Поэтому к перемене он старался попасть в кабинет директора: там, в углу, возле оконной портьеры он облюбовал удобное место, и даже штепсельная розетка была рядом. Так он и спасался от ребят, - в кабинет директора они не заглядывали без особой на то нужды.
Когда занятия заканчивались, и школу покидал последний преподаватель, он выбирался из своего убежища, задвигал двери и блокировал входные автоматы. Если наступали сумерки, он включал оконные поляризаторы и зажигал свет. Поляризаторы затемняли стекла, и с улицы уже ничего не было видно.
Затемнялся он от любопытных. Всегда находились случайные прохожие, которые, заметив его через стекло, желали поближе посмотреть, что он делает. Он был согласен, чтобы на него смотрели с улицы, но люди порой пытались проникнуть в школу, стучали в двери и мешали работать.
С затемненными окнами было спокойнее.
Затем он доставал из шкафа ручной пылесос, вешал его себе на спину. Выводил за поводок автомойщика АМ-110 - похожего на большого белого жука. Пока АМ-110, тихонько посапывая, ползал взад и вперед по коридору, оставляя за собой запах соснового аэрозоля и влажные полосы отмытого напольного пластика, он проходил с пылесосом по классам.
Забытые на столах тетради и ручки он оставлял там, где они лежали. Обрывки бумаги, камешки, палочки и прочий мусор собирал в утилизатор. Непонятные ему предметы - а чего только ни приносили в класс дети - он складывал на столе преподавателя. Он работал методично, не спеша, как работает хорошо отлаженная машина, его не нужно было ни проверять, ни контролировать, он мог чего-то не сделать только по незнанию, но не по забывчивости или нерадивости - он вообще не знал этих понятий.

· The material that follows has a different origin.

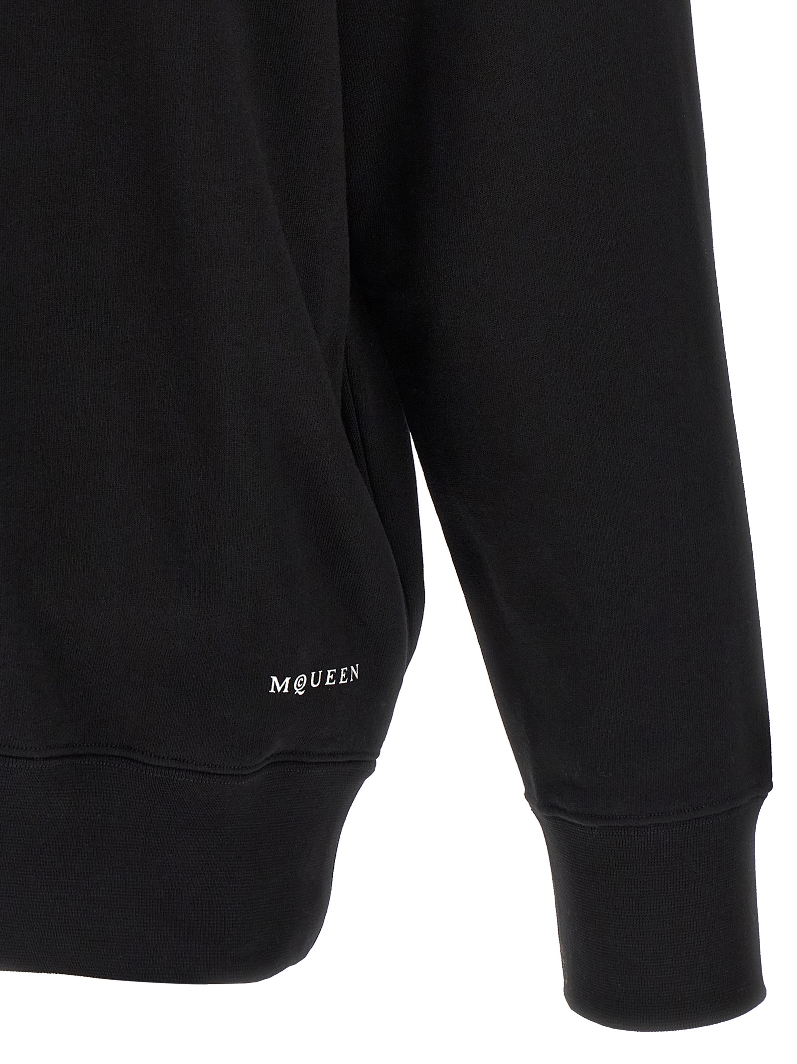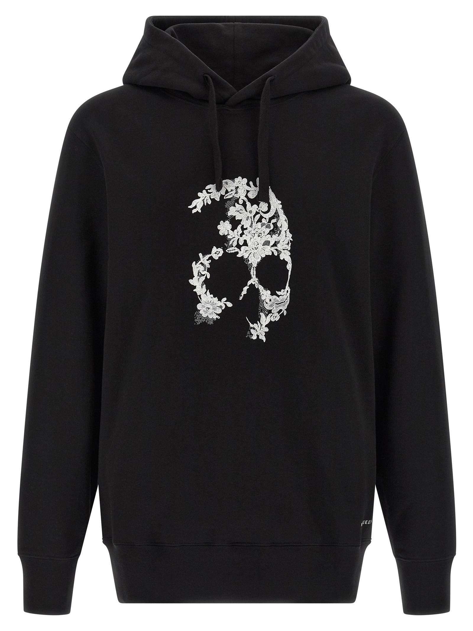 Brushed cotton hoodie with digital lace ‘skull’ print and front logo, Long cuffed sleeves and dropped shoulders.

Приволакивая, как всегда, поврежденную правую ногу, он спускался вниз в вестибюль, не держась за перила рукой, - теперь он уже не падал на лестнице... Он сводил вниз АМ-110, который по-собачьи шлепал по ступенькам своими коротенькими мягкими гусеницам, и запирал его в стенной шкаф. Потом шел в туалетную комнату, мыл руки под краном, сушил под феном и становился в свой уголок за портьеру в директорском кабинете... Он работал уборщиком уже несколько лет, но хорошо помнил все события, которые привели его в эту школу. Все случившееся надежно хранилось в его памяти.
Но он никогда об этом не вспоминал...
1
Начальная школа - типовое здание в два этажа из пеносиликата и армированного стекла - стояла на самой окраине Космогородка, и шум стартующих кораблей доносился сюда приглушенно, к нему уже привыкли и дети, и преподаватели.

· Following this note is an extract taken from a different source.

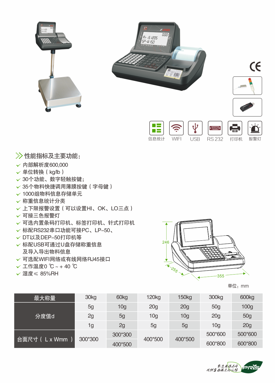 普瑞逊标签打印电子台秤150kg/5g电子称SPW-310 U盘存储电子秤 供电方式 | 220V | ||
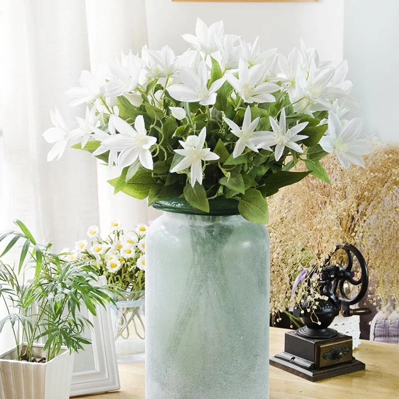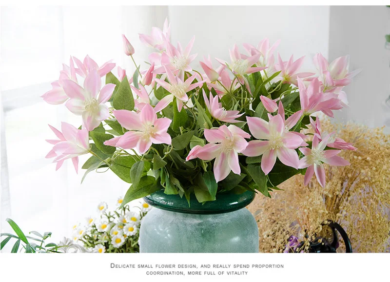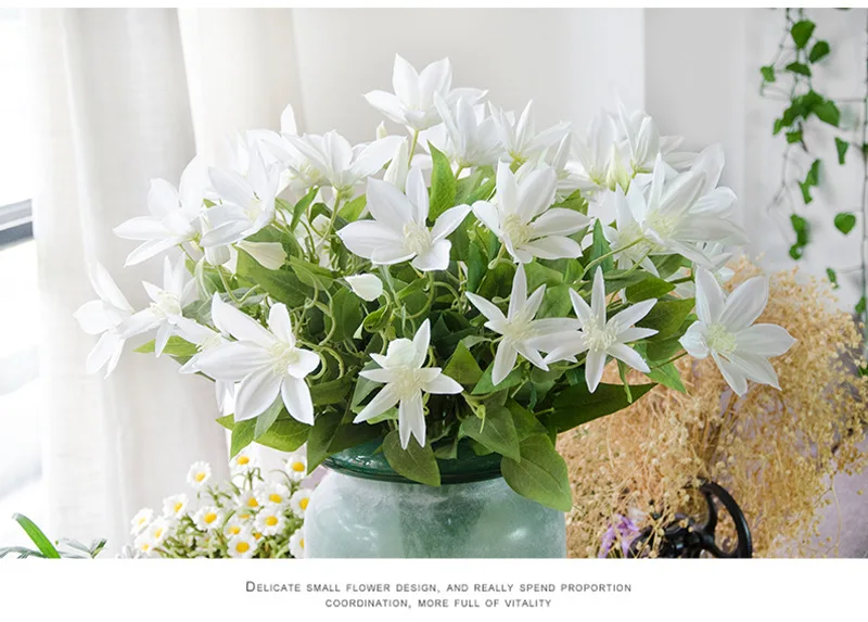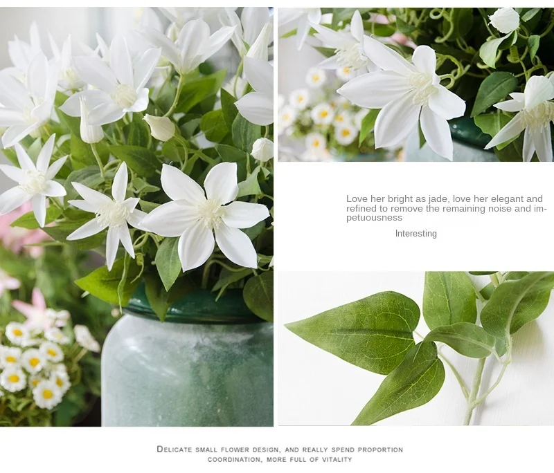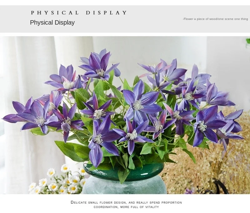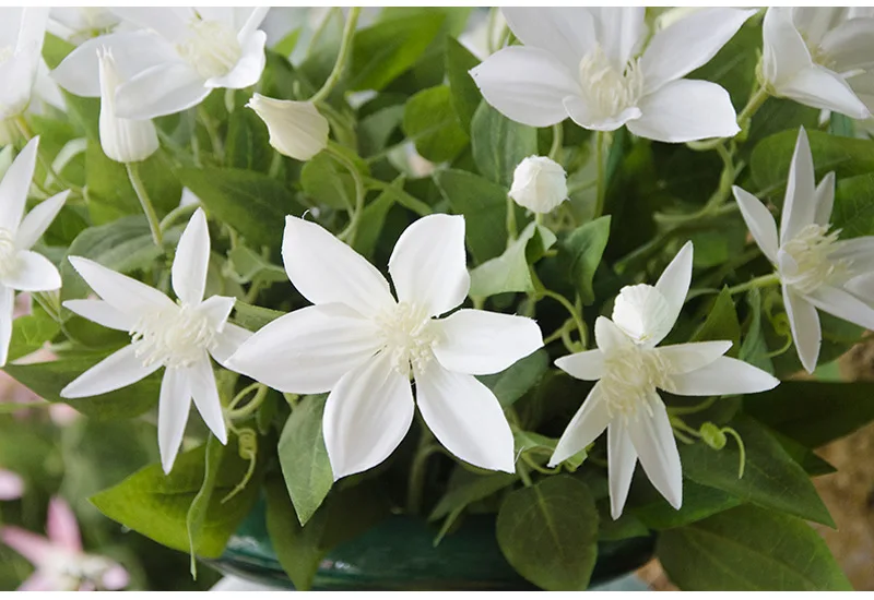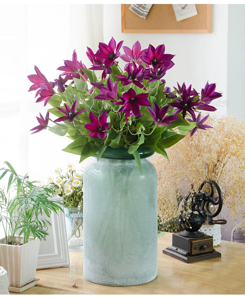 69 см длинные искусственные цветы, разноцветные трехсторонние Клематисы, домашнее украшение, садовые зеленые растения, орнамент

Космопорт шефствовал над школой, и, конечно, она носила имя Юрия Гагарина, в ней работала секция ЮК - Юных Космотехников, и все ее учащиеся мечтали стать космонавтами.
Директор школы Сергей Алешкин когда-то тоже мечтал стать космонавтом, и даже закончил специальный институт. Был участником станции <Луна-38>, потом летал на Венеру и вернулся со свирепой планеты оглохшим на одно ухо. Его жена Мей Джексон вместе с ним была на Луне. Метеоритик, пробивший плечо, оказался, к счастью, маленьким, Мей осталась жива. Но Комиссия и ей тоже запретила полеты в Космос.
Тогда они и стали работниками начальной школы Космогородка.
Все-таки здесь был Космопорт, можно было встретиться, поговорить с товарищами, проводить их в очередной полет. Можно было и самим при случае слетать на Посадочную станцию - двести километров над Космодромом - и оттуда еще раз взглянуть в - черное, страшное и незабываемое, небо далекого Космоса.
Этим летом Алешкин и Мей отдыхали на Гавайях, купались в тихоокеанском прибое и вспоминали Джека Лондона. Потом Алешкин улетел домой, пообещав жене вернуться за ней в конце отпуска.
До начала занятий оставалось ровно тридцать два дня. Но в школе для ребят, уже вернувшихся из летних поездок, работали две школьные секции.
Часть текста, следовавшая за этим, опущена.